RIO - Victims Institutional Strengthening Program

Speeches Shim

OBJECTIVE

The Victims Institutional Strengthening Program (VISP) provides technical support at the national, departmental and municipal levels for the effective implementation of public policies for Colombia’s over eight million victims.  This program is being implemented between June 2012 and June 2020, with a budget of $80 million.

The first phase of the program is being implemented in 32 municipalities in 10 departments (Antioquia, Bolivar, Caquetá, Cauca, Chocó, Córdoba, La Guajira, Magdalena, Nariño, and Sucre).  The second phase will be implemented at the national level with some expansion into additional municipalities.

COMPONENTS

Institutional Strengthening

VISP supports the Victims’ Unit, as well as other national, departmental and municipal entities, in the design, validation and implementation of information systems, inter-institutional coordination, strategic planning, internal and external communications, victim’s participation, attention to victims, and monitoring and evaluation.

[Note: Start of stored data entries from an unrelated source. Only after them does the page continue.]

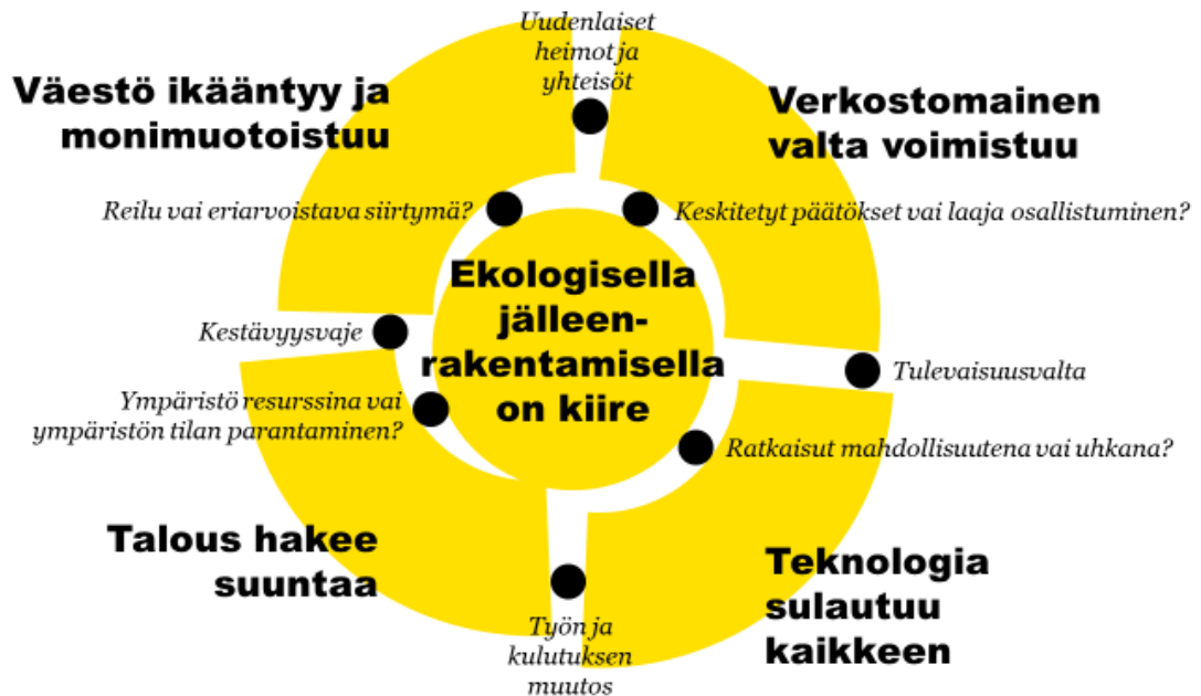
Kuva 1. Megatrendien kokonaiskuva

Ekologisen kestävyyskriisin tarkasteleminen suhteessa muihin tulevaisuuden kehityssuuntiin avaa hyvin megatrendien keskinäisiä jännitteitä. Ensimmäinen jännite liittyy tasapainoiluun nopeiden päätösten ja osallisuuden ja demokratian vahvistamisen välillä. Tilanteen tekee haastavaksi valtasuhteiden monisolmuistuminen, eli vallan määrittäminen verkostoissa, muun muassa taloudellisen, teknologisen ja kulttuurisen vuorovaikutuksen määrän suhteen. Yhteiskuntajärjestelmät ovat koetuksella sen suhteen, mikä niistä tarjoaa parhaimman tavan vastata ekologiseen kestävyyskriisiin ja monimutkaisen maailman haasteisiin. Osa kokee demokratian liian hitaaksi ja etäiseksi tavaksi päättää asioista tilanteessa, jossa aika loppuu kesken. Globaalilla tasolla vahvojen johtajien toivotaan tuovan yksinkertaisuutta hämmäntävään tilanteeseen, mutta toisaalta myös ruohonjuuritason vaikuttaminen on nousussa.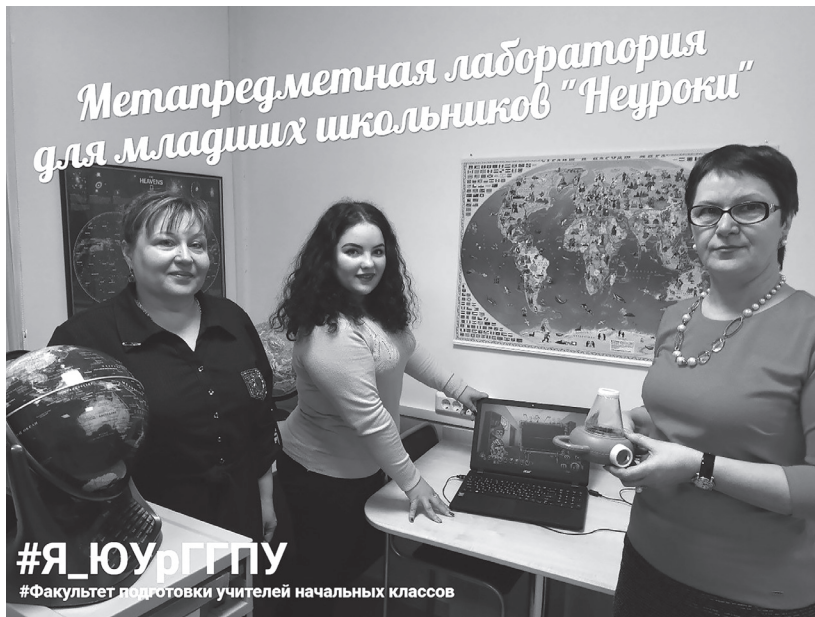
Метапредметная лаборатория «Неуроки»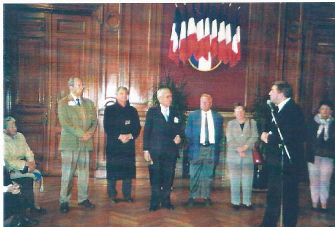
Réception à l'Hôtel de ville de Boulogne sur Mer

Le rapport moral est adopté par l'Assemblée, à l'unanimité.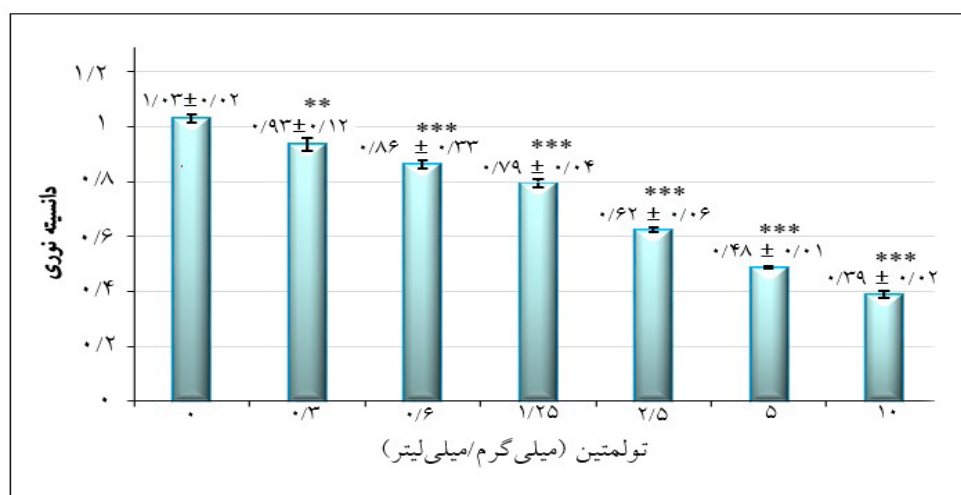
*** و ** به ترتیب با P < 0/05 و P < 0/001 نشانگر اختلاف معنادار نسبت به گروه شاهد (غلظت صفر) است.

نتایج این تحقیق نشان داد که زنده‌مانی سلولی AGS، در گروه دریافت‌کننده‌ی ۰/۳، ۰/۶، ۱/۲۵، ۲/۵، ۵ و ۱۰ میلی‌گرم بر میلی‌لیتر تولمتین نسبت به گروه شاهد به‌طور معنی‌داری کاهش یافت. ازسویی، اثر سیتوتوکسیک تولمتین بر سلول‌های سرطانی معده وابسته به غلظت بوده و با افزایش غلظت تولمتین زنده‌مانی سلول‌ها به‌طور معناداری دچار کاهش گردید (نمودار ۱). همچنین دوز IC50 تولمتین با استفاده از روش رگرسیون غیرخطی اندازه‌گیری شد و غلظت IC50 تولمتین برابر ۳/۳۶ میلی‌گرم/میلی‌لیتر تعیین گردید.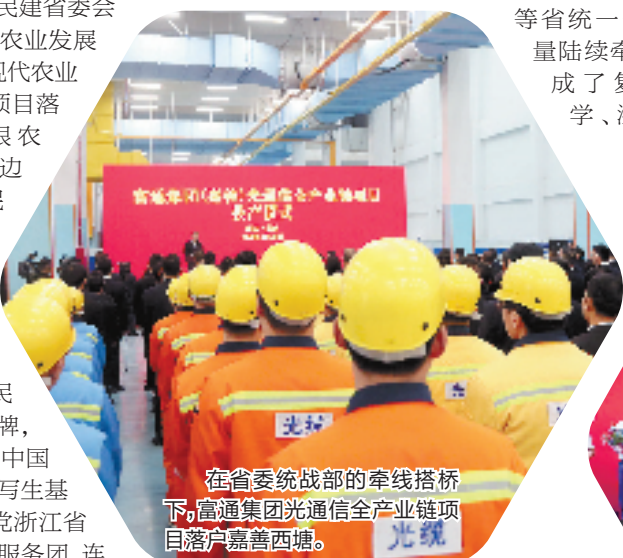
在省委统战部的牵线搭桥下,富通集团光通信全产业链项目落户嘉善西塘。

在民进浙江省委助推下,嘉善民进开明画院揭牌,中国美术学院中国画系花鸟专业写生基地落地;致公党浙江省委组织专家服务团,连续两年到嘉善开展助村活动。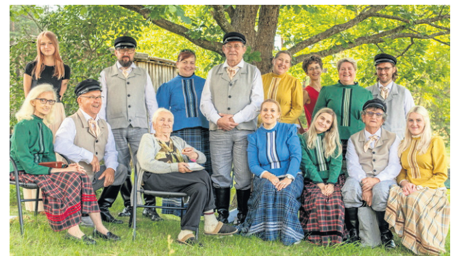
Zespół Nachodne z Ośrodka Kultury w Sejnach otrzymał dofinansowanie z powiatu w 2020 r. W 2021 r. zespół zajął II miejsce w kategorii „Zespół śpiewaczy” na 55. Ogólnopolskim Festiwalu Kapel i Śpiewaków Ludowych w Kazimierzu Dolnym.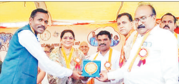
अतिथियों को स्मृति चिह्न देते अधिकारी।

बैकुंठपुर। प्रत्येक व्यक्ति के जीवन का प्रथम गुरु मां होती है, जिससे हम संस्कार की शिक्षा प्राप्त करते हैं, इसके बाद विद्यालय के शिक्षक हमारे भविष्य को गढ़ते हैं, इसलिए माता-पिता एवं अपने गुरुजन का हमेशा सम्मान करना चाहिए। उक्त विचार सोनहत जनपद अंतर्गत शासकीय उच्चतर माध्यमिक विद्यालय सुंदरपुर में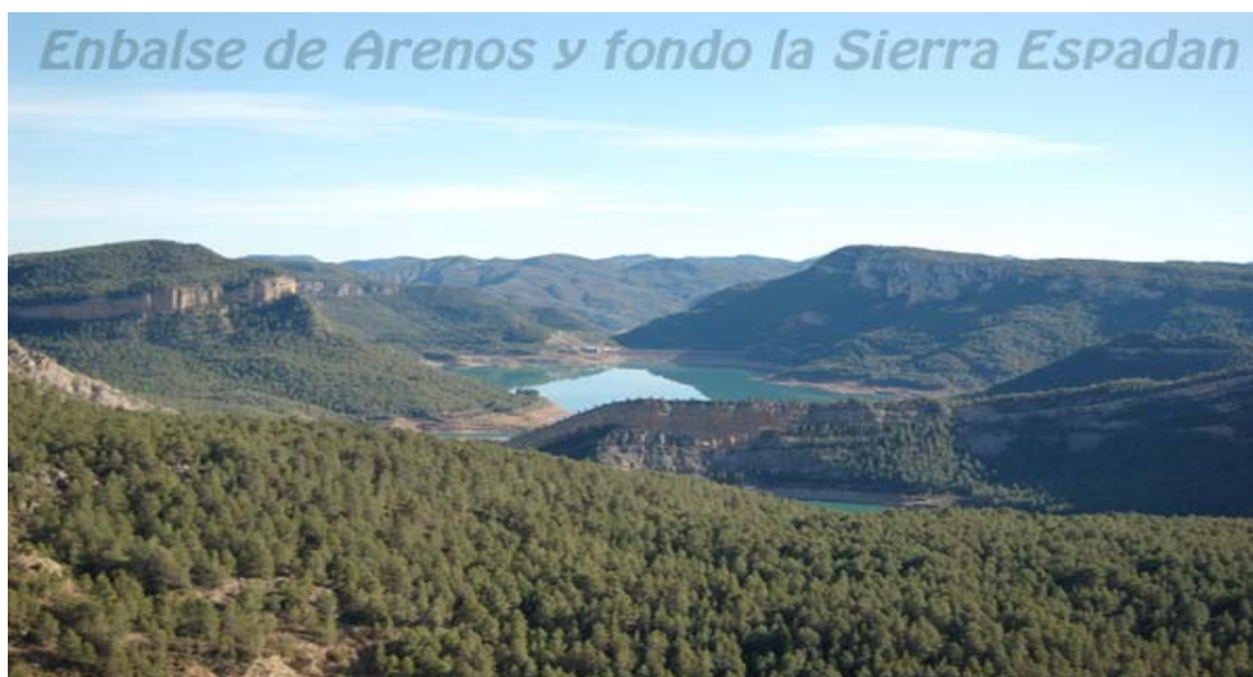
Embalse de Arenos y fondo la Sierra Espadan

Manteamiento y gestión del área en favor de la dinámica económica de la comarca en la actualidad de muy limitado desarrollo.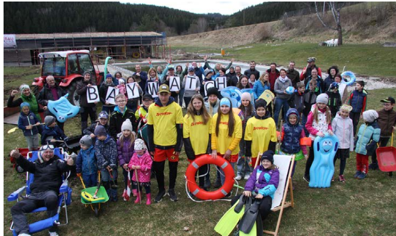
Die Mitglieder des Vereins „BAYWATCH“ freuen sich nach großartigem Engagement auf das neue attraktive Freibad.

Mitglieder beim Verein und es wurden bis heute 30.000 Euro gesammelt, die nun in die Sanierung bzw. Attraktivierung fließen. Das Freibad war in den letzten vier Jahrzehnten nicht nur für Weitersfelden eine wichtige Freizeit- und Erholungsan-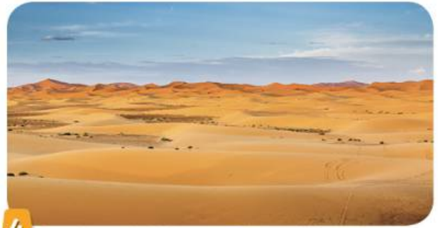
4 Le désert du Sahara en Algérie (Afrique).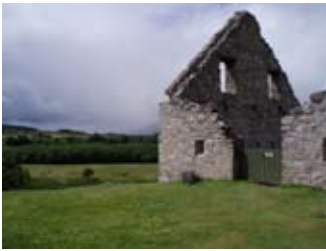
Ceann an iar den stàball

Theirear 'dragon' ri saighdear air muin eich!

Physical and Psychosocial Rehabilitation

VISP supports the design and delivery of psychosocial competencies for public servants and communities; identification and assessment of victims’ psychosocial and/or physical behavior; training of those responsible for implementing rehabilitation and humanitarian demining measures; and development of mine risk education tools and methodologies.

Transitional Justice

VISP builds institutional capacity to develop protocols and routes for individual and collective reparation.  It also supports programs to promote the diffusion and appropriation of truth and historical memory, and promotes public and private investment in reparation efforts.

Differential Approach

VISP supports the institutional strengthening of processes and tools for the attention and reparation of indigenous and Afro-Colombian populations, people with disabilities, women, children and adolescents, and the lesbian, gay, bisexual, transgender, and intersex community.  VISP also strengthens social mobilization against sexual and gender-based violence, training for ethnic and women’s organizations, and support services for victims of sexual violence.

RESULTS

  • Registered 8.2 million victims through the Victims’ Unit.
  • Trained 370  public servants in the registry of persons with disabilities.
  • Reduced time required to assess victims’ elegibility fro legal redress and benefits from 110 days to 60 days.
  • Trained 2,863 public officers in self-care methodologies to avoid labor burnout.
  • Provided technical assistance to 152 cases of collective reparation.
  • Refurbished 11 attention centers (representing 31 percent of national total).
  • Supported 26 local memory initiatives to comply with the victims’ right to truth and memory in VISP municipalities.
  • Disseminated Basta Ya! report to inform society at large on the conflict; translated report into English to inform the international community on the conflict’s impact.